For those who suffer from MS related pain (whether it be caused by stiffness/spasticity or nerve pain/neuropathic pain), the findings from this commentary should interest you.
Pain control is multibillion dollar franchise, and yet our understanding of it is small. Firstly, it is important to understand that the hardwiring of you brain changes with pain over time, and this varies based on the nature of the pain. Part of this change is visible in the brain resting-state networks (RSNs); the brain regions that are working during wakefulness when the brain is resting (similar to your computer CPU which is churning away in the background even though you're not using it!). Secondly, changes here may also affect the function of the brain region concerned.

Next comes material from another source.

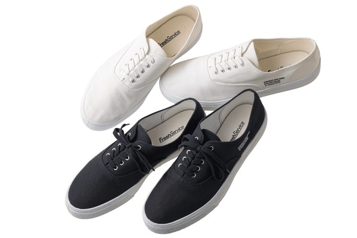福岡県久留米市で120年以上靴作りを行っている老舗ブランド〈アサヒシューズ〉に別注した、オーセンティックなキャンバスデッキシューズ。足幅が広い設計の靴型と独自に開発したラバーインソールを合わせることで、シンプルながらもコンフォートな履き心地に。アッパーにはモデル名や素材を羅列したプリントが施され、〈フレッシュサービス〉らしいアクセントになっている。

Here, the authors studied MS patients with pain for 7.6y on average. Using imaging, they studied the restructuring of the brain in MS in those with pain and without pain. They found changes between the two groups in the RSN network called the default-mode network (DMN). The DMN is usually silent during demanding tasks (for example, running), but is involved in cognition (memory, intelligence, planning for the future, and social interactions). In the DMN, in those experiencing chronic pain, there was reduced activation of brain regions (the caudate nucleus and nucleus accumbens; see Figure 1) that are linked to motivational ('wanting') aspects of behaviour, including reward, suggesting that this is impaired.
Therefore, even if different types of chronic pain are associated with distinct anatomical 'brain signatures', in MS at least both pain and reward seem to share the same neuroanatomical pathways. The question remains whether being on the receiving end of a reward can ameliorate pain?